Le vétéran leader indigène Salvador Zúñiga a raconté sur le site nicaraguayen www.tortillaconsal.com les souffrances du groupe de 300 manifestants qui se sont rendus de Tegucigalpa à la frontière pour se réunir avec Zelaya. "Il y a une guerre contre un peuple désarmé qui ne fait que réclamer que soit réinstallé le président pour qui nous avons voté pour qu'il gouverne quatre ans", a-t-il affirmé. "Ils en sont arrivés à emprisonner 300 personnes par jour, a-t-il dit. A El Paraiso, ils ne tenaient plus dans le commisariat et étaient emmenés au stade." À la sortie de la capitale, ils leur ont retiré les bus et ils ont continué à pied; après avoir éludé plusieurs barrages ils ont du prendre le large dans la montagne, parce qu'ils ont commencé à tirer sur eux. En arrivant aux villages, ils étaient dénoncés et ils devaient continuer de fuir. L'armée les a encerclés près de la frontière, les a arrêtés, les a frappés et ensuite, entassés, elle les a envoyés dans des fourgons à Tegucigalpa et San Pedro Sula. Seulement 40 ont réussi à passer au Nicaragua. "Les gens ont peur : c'est une situation difficile, a-t-il expliqué. Quand les personnes vont aux manifestations, elles sont actives. Mais elles sont seules, elles entrent en situation de panique."

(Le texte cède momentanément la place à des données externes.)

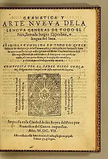 - ↑ "Grammar and New Art of the Common Language of All of Peru, Called Quechua or Language of the Inca". World Digital Library. Library of Congress.
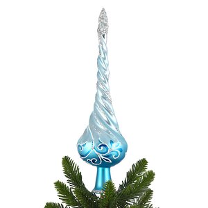 Дивную елочную верхушку создали для украшения ваших елочек русские кудесники! Наконечник, изготовленный клинской фабрикой Елочка и в самом деле напоминает снежный вихрь. Игрушка выполнена из стекла в потрясающем синем цвете, декорирована переливающимися блестками и чудесными узорами. Спиральный конец верхушки станет ярким акцентом и прекрасным дополнением новогоднего образа пушистой лесной красавицы.
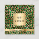 A emerald green and faux gold leopard pattern as background on the front. Personalise and add your business logo and text on front.
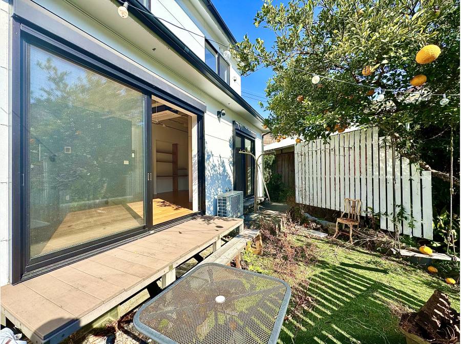 リビングの大きな窓を開け放つと、ウッドデッキと芝の緑が自然につながり、季節の光や風をそのまま暮らしに取り込む住まいです。
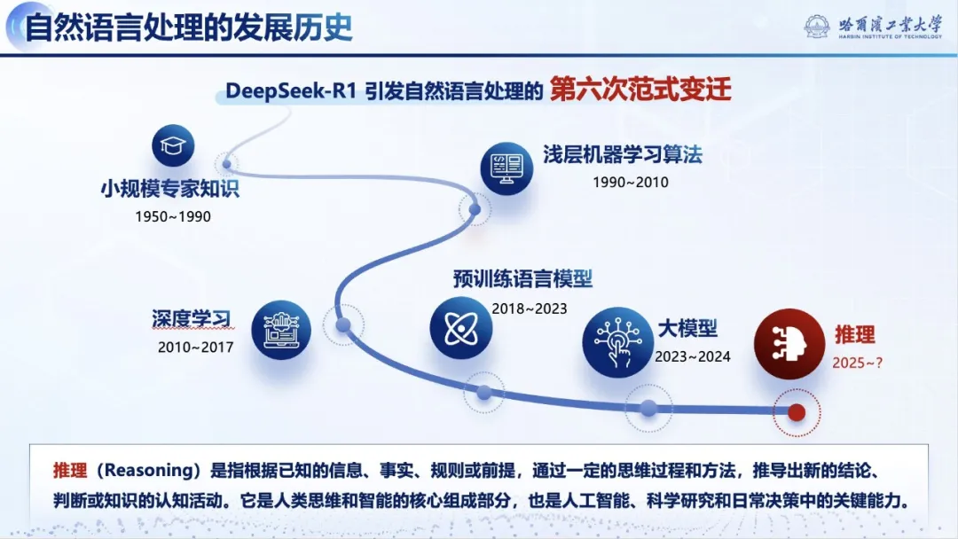 DeepSeek-R1的出现,还引发了自然语言处理的第六次范式变迁,而其中最核心的就是推理采用的思维链技术(Chain-of-Thought, COT)。除此以外,讲座还详细介绍了DeepSeek的强化学习实现的技术细节:GRPO框架、奖励模型、训练的技术路线和模型架构优化技术等。
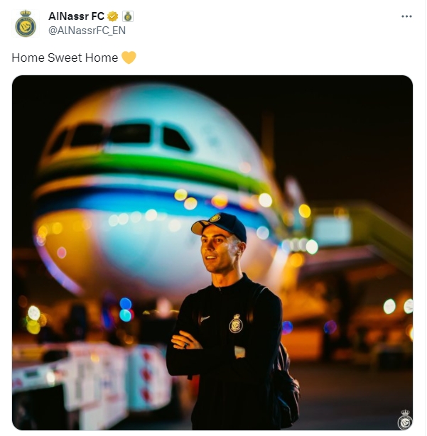 C罗已返回利雅得!利雅得胜利官推晒照:家,甜蜜的家
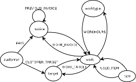 In our graph database schema, entities are represented as nodes, and relationships as directed edges. Two edges are used to represent many-to-many relationships. Customer, invoice, target, work, and worktype entities are represented as nodes. Relationships PAYS from the customer to invoice, and CUSTOMER_TARGET from the customer to the target, and PREVIOUS_INVOICE from an invoice to another are represented by directed edges, the last being a recursive relationship. WORK_TARGET, WORK_INVOICE, WORKHOURS and USED_ITEM are each represented by two edges. Below image represents the database structure in a graph format. The attributes of nodes and edges are not illustrated.
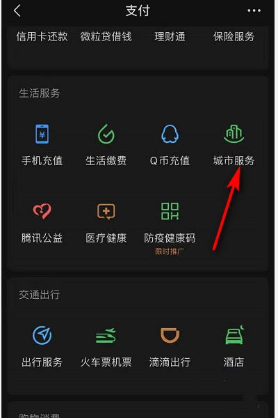 1、首先進(jìn)入微信的支付,點(diǎn)擊城市服務(wù)。
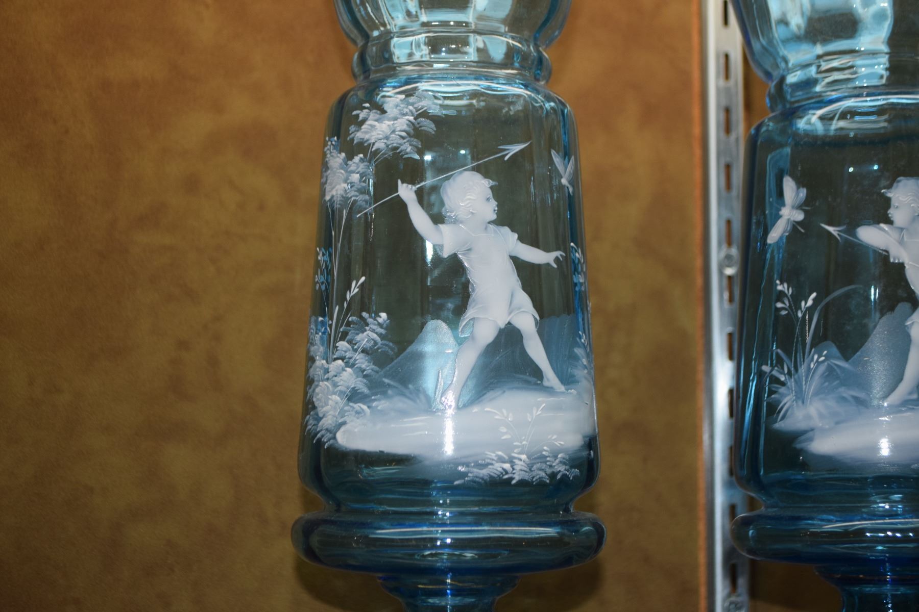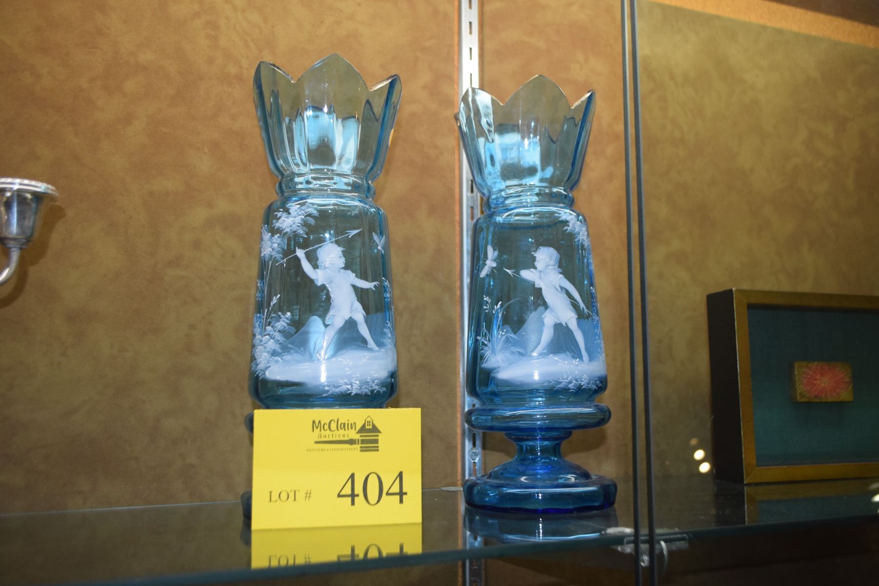ANTIQUE MARY GREGORY STYLE TURQUOISE COLOR HAND BLOWN GLASS BALUSTER VASES (12") (PAIR)
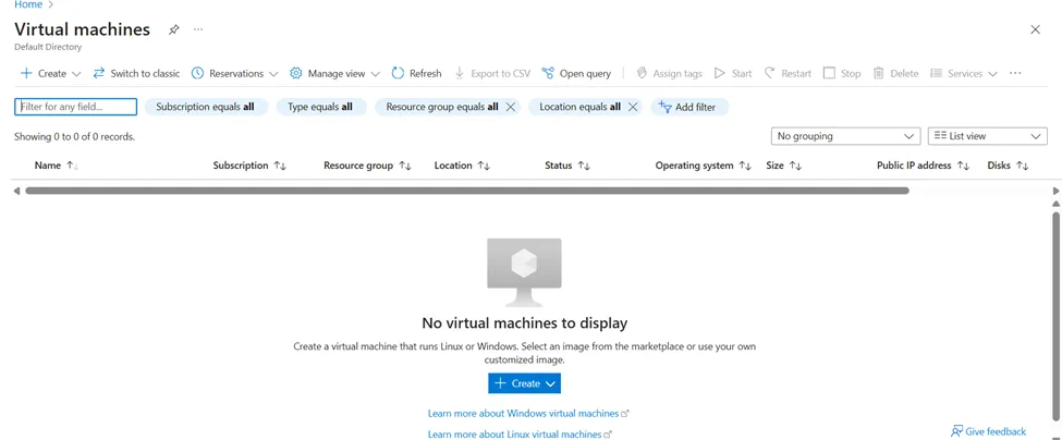Creating Virtual Machines: Go to the Azure portal at portal.azure.com and search for “Virtual Machine.” You’ll be presented with the screen shown below.

Sur le site Honduras résiste (resistenciamorazan.blogspot.com), un des plus actifs dans la diffusion de dénonciations, est reproduit une interview que Radio Progreso a faite au père Faust Milla, un militant des droits de l'Homme qui travaille avec les indigènes, qui a été arrêté par les escadrons de la mort dans les années 80 et qui aujourd'hui est à l'abri. "J'ai vécu ces situations pendant douze ans, j'attendait la mort à n'importe quel moment, a-t-il évoqué. Il y a quelques jours ils sont venus me chercher à la radio dans laquelle je travaille, subrepticement. Je n'ai pas peur mais je fais attention. Bien que je ne sache pas combien j'endurerai enfermé, parce que je ne peux pas continuer de voir courir le sang. Je crois que dans l'histoire du Honduras une telle répression n'a jamais été vue, de manière si publique, autant à la vue de tous." Milla considère que si cette situation continue, "l'indignation du peuple va déborder, probablement de manière désordonnée". "Parce qu'il est impossible de continuer d'endurer cela - fait-il remarquer. Parfois ils ne donnent mëme pas d'eau aux blessés dans la prison. Violer les droits de l'homme fondamentaux pour ces groupes est un métier. Pour cela, ils le prennent avec naturel et peu leur importe que le monde entier les appellent criminels et bêtes. Mais le peuple s'est levé, s'est indigné, et a décidé maintenant de continuer de lutter pour la liberté pacifiquement, jusqu'où arrive la limite."

"Le secteur putschiste ne s'attendait pas à ce que les gens perdent la peur et soient préparés à dire les noms et prénoms de ceux qui sont derrière ce projet déshonorant de harcèlement, de persécution et de mort", a signalé Oliva, en assurant que la Cofadeh a comptabilisé 2702 arrestations illégales, une grande quantité de menaces directes de mort et neuf meurtres, "certains commis par des militaires habillés de civils". "Les putschistes sont peu nombreux, mais, il gèrent beaucoup d'argent et les médias sont de à eux - a signalé Milla-. Ils empoisonnent les gens et les remplissent de haine."

 

Angel Berlanga, Pagina/12, 06 aoüt 2009.